Examples of less market distorting subsides that governments can and often do implement include crop insurance and revenue protection programs and subsidies to help producers comply with new environmental regulations, upgrade their facilities, or learn new management practices.
World Comment
The EU is showing higher week on week production figures since the heat wave in August. Because of this and favorable farm gate prices,the expectation is that the year will end with 1,5% growth. In the US we’ve seen strong output in the month of August. Despite the crisis in California, the milk supply is still seeing a 1,8% growth. The season in New Zealand has started better than expected as well. In August milkproduction was showing a growth of 5%. Although it’s hard to give firm figures on China’s milk supply, milk production increased less than earlier expected. This assumption is strengthened by the strong Chinese imports in the previous months. Yili and Mengniu are reporting strong growth in liquid dairy sales of 23% and 19% respectively.Focusing further on the demand side, we see that consumption has been impacted a lot less by the COVID19 crisis than initially assumed.
The forecast is that total dairy demand in the EU will grow in 2020 and the US consumption is likely to decrease by 0,35% only. Mexico imports are currently strong and is partly making up for the weak imports during the start of 2020.

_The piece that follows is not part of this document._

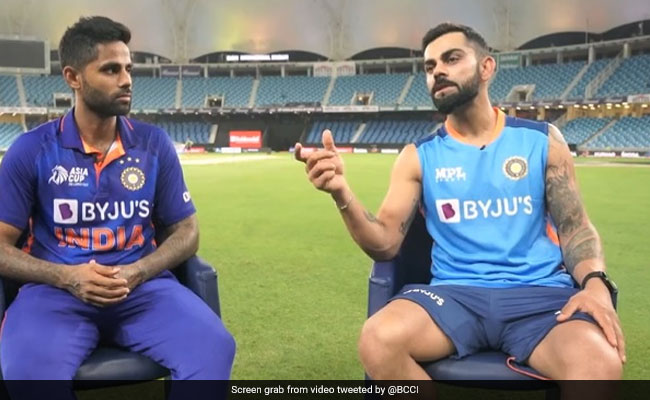 Suryakumar Yadav and Virat Kohli: हांगकांग के खिलाफ मैच में भारत को 40 रनों से जीत मिली. भारत की जीत में सूर्यकुमार यादव ने कमाल किया और 26 गेंद पर नाबाद 68 रन की पारी खेली तो वहीं विराट कोहली ने 44 गेंद पर 59 रन की पारी खेली, दोनों ने मिलकर तीसरे विकेट के लिए 98 रन पार्टनरशिप की जिसके दम पर भारत की टीम 20 ओवर में 2 विकेट पर 192 रन बना पाने में सफल रही. बता दें कि मैच के बाद कोहली ने सूर्यकुमार यादव का इंटरव्यू किया. कोहली ने (Suryakumar Yadav and Virat Kohli Interview Video) इंटरव्यू के दौरान सूर्यकुमार को उनके शानदार बल्लेबाजी के लिए बधाई दी.

Pandemic Aid to Boost Output as Demand Flounders
The corona virus pandemic will eventually end, and economies will recover. While that timeline has yet to play out, piles of debt could soon prevent governments from continuing pandemic aid at current levels, particularly in the United States and Europe. Still, the sheer volume of pandemic aid already provided to dairy,especially in the United States, will likely encourage more milk production at a time when dairy demand remains tenuous.
At the same time, governments around the world continue to implement rolling lock downs as students, workers, and others test positive for COVID19. The large volume of dairy products that typically moves through restaurants and schools—while returning in some locations—is still far below pre pandemic demand levels. Until there is a vaccine against COVID19, these rolling lock downs will likely continue to occur, further disrupting dairy demand.
As growing milk supplies collide with weak demand and dwindling subsidies, producers could eventually see much lower milk prices. The expectation of a growing surplus already has some in the United States and Europe pushing for milk supply reduction and/or control programs to prevent milk prices from dipping so low that farm bankruptcies rise to unacceptable levels.
While governments need to ensure their food suppliers and processors remain viable for the long term, subsidies often violate trade regulations and keep prices artificially high, harming a region’s competitiveness in world markets. Thus, when well meaning governments step in to change the direction of markets in an effort to protect their producers from low prices or shield citizens from soaring retail prices, they run the risk of delaying the market signals producers need to keep global milk supplies balanced.